Stored dataset items
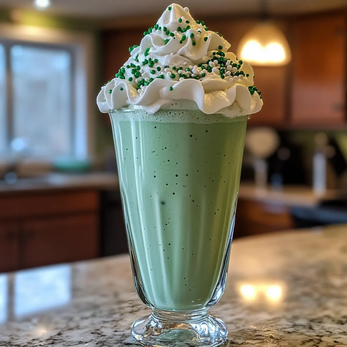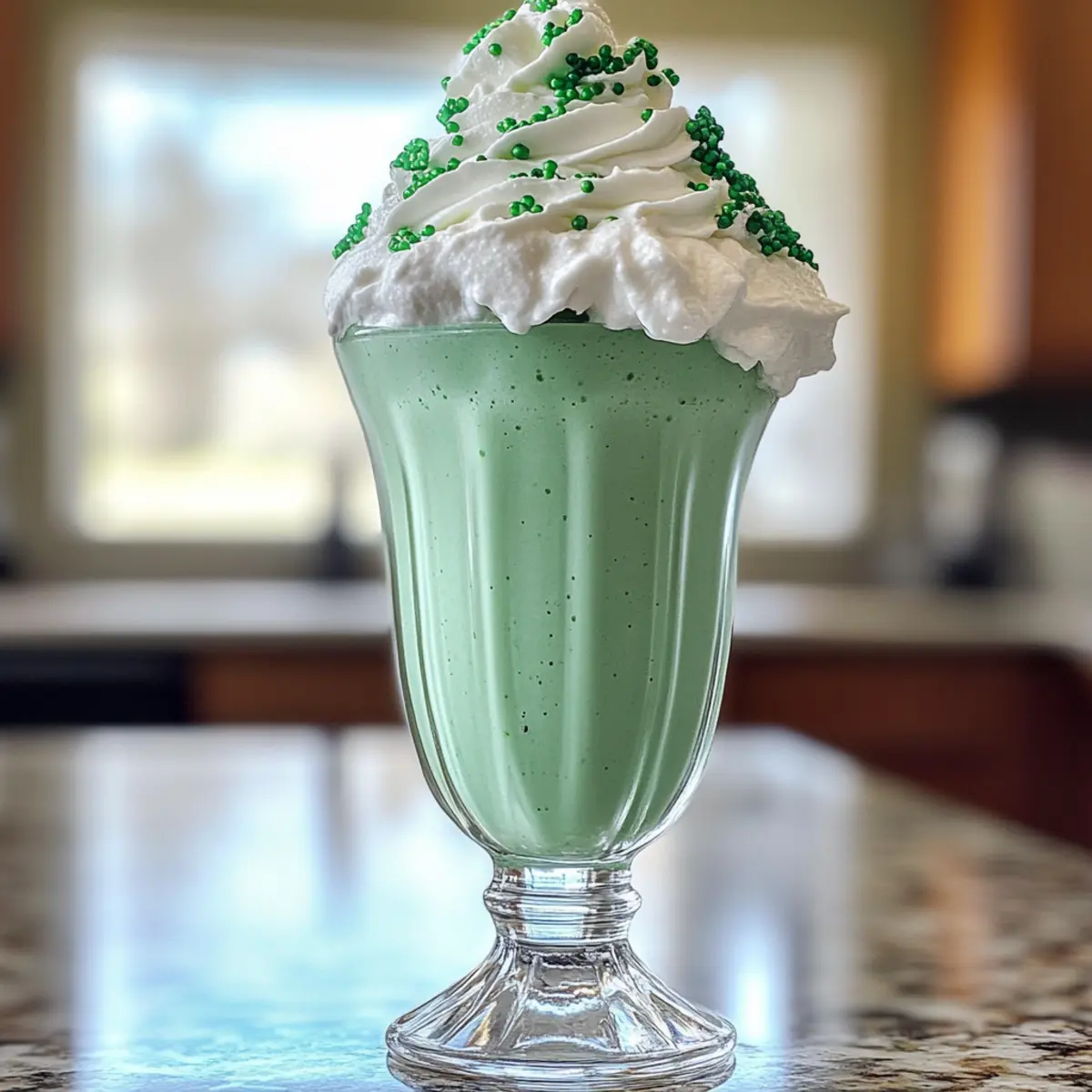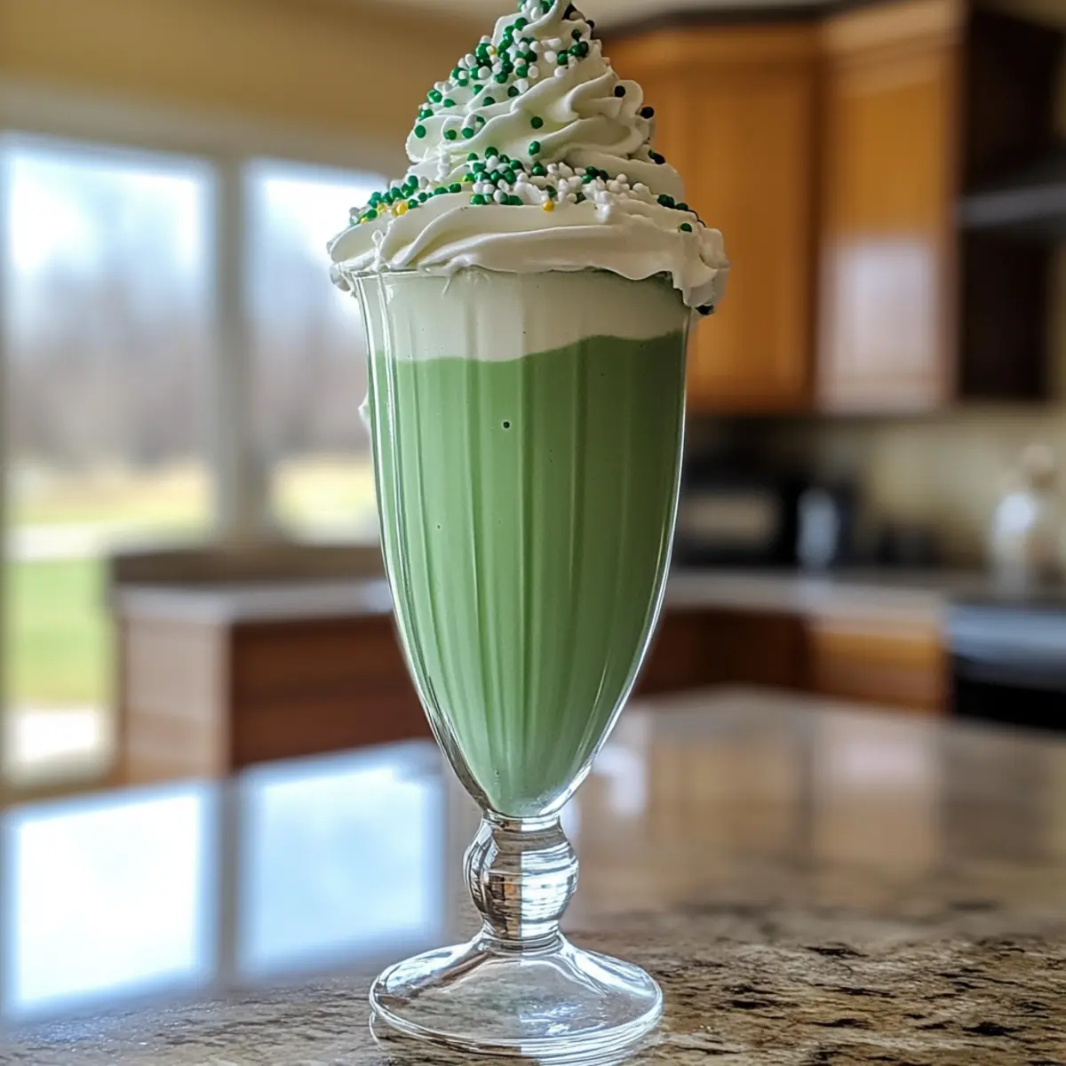 Prepare tall glasses by placing them in the freezer for a few minutes to chill. Once ready, pour the creamy shamrock shake into each glass, filling them about three-quarters full to allow space for toppings. The beautiful, vibrant green color should be refreshing and eye-catching, perfect for St. Patrick’s Day celebrations.
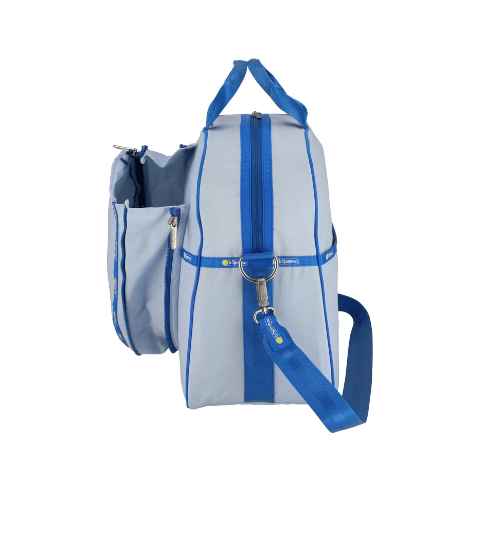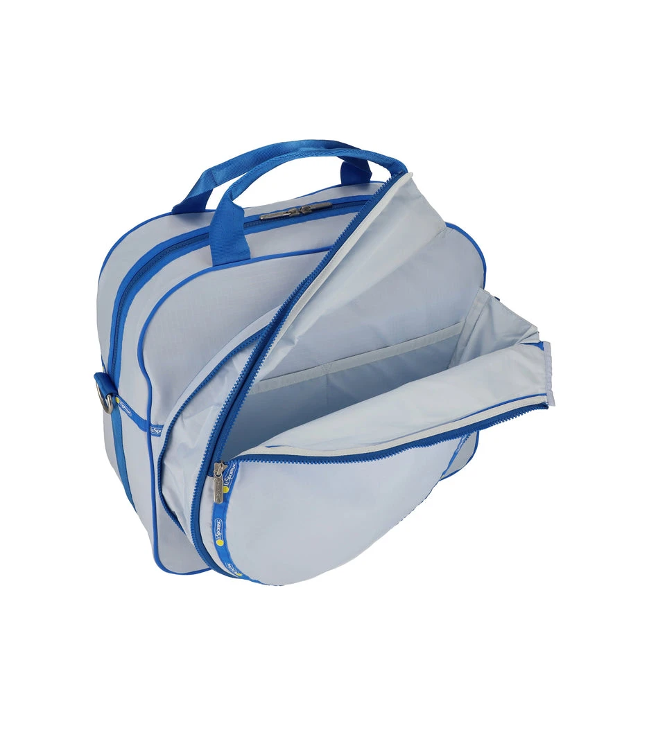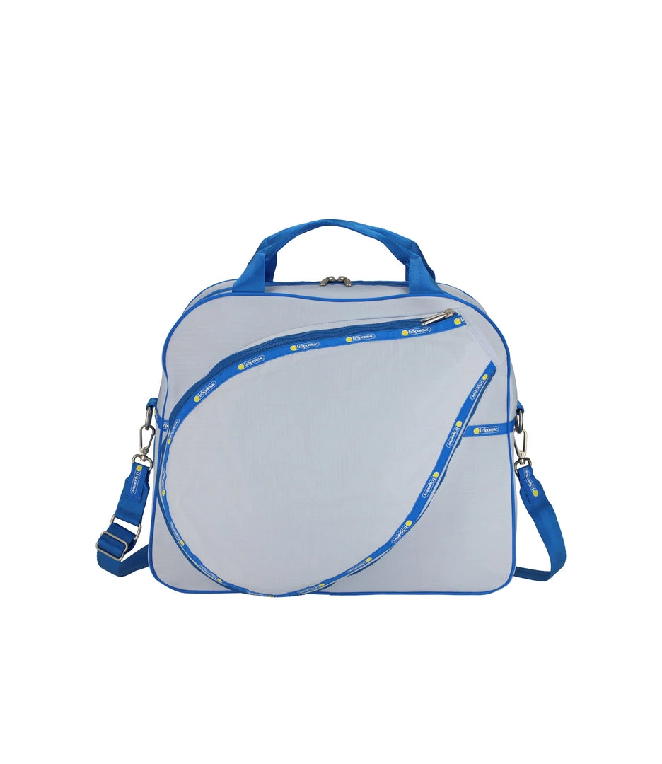 Zipped main closure with dual zipper pulls, Exterior front expandable zip tennis racquet pocket, Exterior back open pocket, Interior front wall with mesh open pocket, Two interior back wall mesh open pockets, Interior side walls with mesh pockets for tennis balls or water bottle, 1.5in/3.8cm wide pinched top handles (Drop: 4 in/10cm, Length: 13.98 in/ 35.5cm, 1.5in/3.8cm wide adjustable/detachable shoulder strap with logo grosgrain details (Max length: 42.12 in/107 cm, Min length: 24.6 in/62.5 cm)
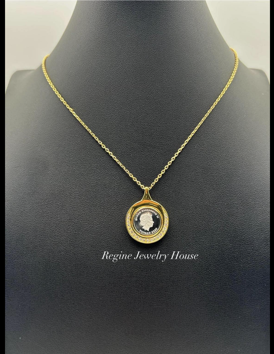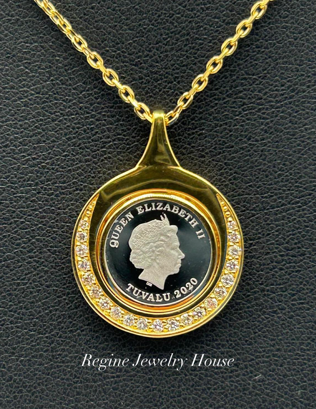 The pendant showcases a beautifully detailed coin design, combining luxury jewelry craftsmanship with collectible appeal.
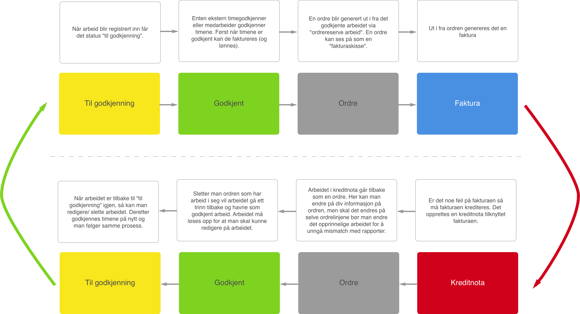 Den nederste linjen viser hva du må gjøre om du skal endre på timene etter det er opprettet faktura på dem. Timene det gjelder må krediteres, ordren må slettes og de må settes til Til godkjenning. Når endringen er gjort, gjennomfører man den øverste prosessen igjen.
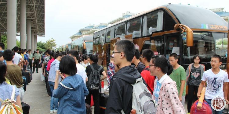 上午8:00,18个班700余名新生分乘17辆大巴从学校出发,10:00左右车队抵达基地。班主任与教官交接名单后,全体新生即按班级顺序依次编为第1-17中队列队。
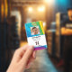 badge d'identification du personnel de l'entreprise avec des modèles créés pour vous. Arrière - plan est un abstrait moderne dans un motif arc-en-ciel solaire.
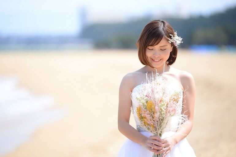 身長が高くスタイルの良い新郎さま、小柄で可愛らしい新婦さま。
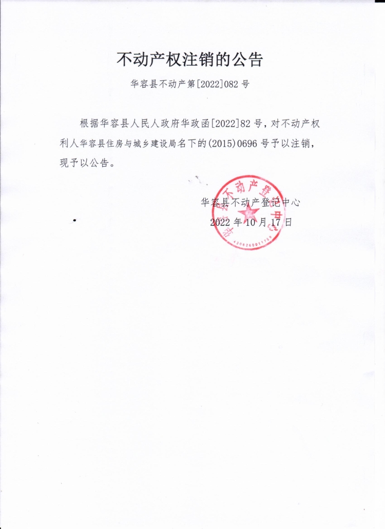 不动产权注销公告(华容县住房与城乡建设局)

> Required work
Restate, word for word, each line from the line containing "The pendant showcases" through the end of the entries above; the pictures are not part of the copy.

> Output of the exercise
 The pendant showcases a beautifully detailed coin design, combining luxury jewelry craftsmanship with collectible appeal.
 Den nederste linjen viser hva du må gjøre om du skal endre på timene etter det er opprettet faktura på dem. Timene det gjelder må krediteres, ordren må slettes og de må settes til Til godkjenning. Når endringen er gjort, gjennomfører man den øverste prosessen igjen.
 上午8:00,18个班700余名新生分乘17辆大巴从学校出发,10:00左右车队抵达基地。班主任与教官交接名单后,全体新生即按班级顺序依次编为第1-17中队列队。
 badge d'identification du personnel de l'entreprise avec des modèles créés pour vous. Arrière - plan est un abstrait moderne dans un motif arc-en-ciel solaire.
 身長が高くスタイルの良い新郎さま、小柄で可愛らしい新婦さま。
 不动产权注销公告(华容县住房与城乡建设局)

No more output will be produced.